Bishop McManus turned in the swivel chair to stare out the window at nothing at all. "When he told me he had something to sell, Pm afraid I got a bit blunt with him. He cut off my protests sharply by saying, as nearly as I can recall his exact words, 'Pm not selling prayer books or rosaries, Your Grace. This is a single item and the only one of its kind. And the price is such that I would go directly to the Vatican if it were at all possible.' "

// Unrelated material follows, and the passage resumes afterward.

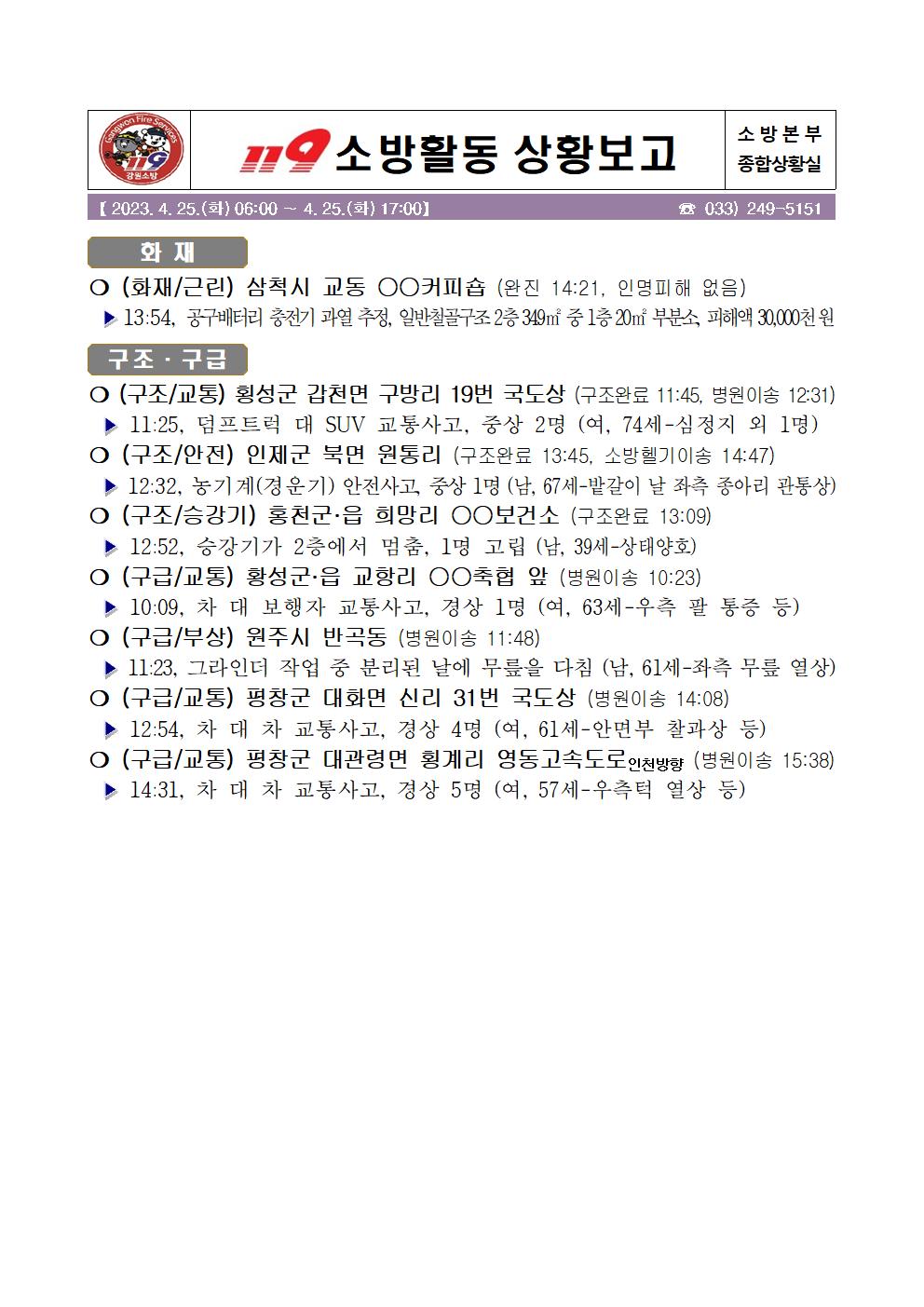 119 소방활동 상황보고(4. 25. 화) 17:00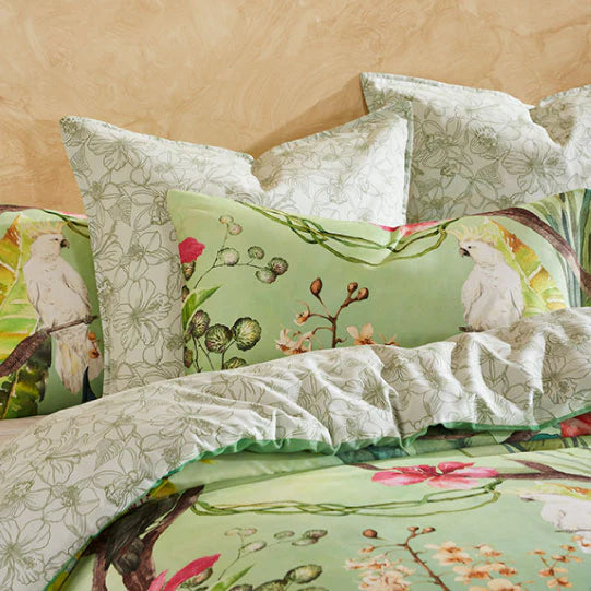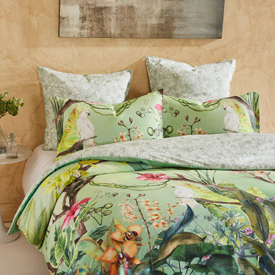 أوراق الشجر الجميلة والزهور الاستوائية الغنية من الكركديه والأوركيد البرية، تؤطر الألوان المائية ذات الخلفية الخضراء الناعمة. خلق ملاذ مثالي للببغاوات والكوكاتو للتسكع. الطباعة العكسية المتباينة مصنوعة من فن خطي يصور الكركديه وبساتين الفاكهة.

"With a build-up like that," I said, "any amount under a million is going to sound mighty puny."
He turned his head to learn the effect his next words would have on me. "Precisely. But a million dollars was not the price, Mr. Pine." He moved one hand in a slow graceful motion. "The amount he asks is twenty-five million dollars!"
If he was trying to stun me he succeeded. I got my lower jaw up off my necktie and said weakly, "That should kick quite a hole in the petty cash."
It earned me another of his grave smiles. "The amount is preposterous, of course. When he mentioned such a figure I knew I was dealing with a madman or a crank. My only thought was to get rid of him as quickly and with as little fuss as possible. Humoring him seemed to be the best way. So I asked him what he had that could possibly be worth such a fantastic price. And he told me."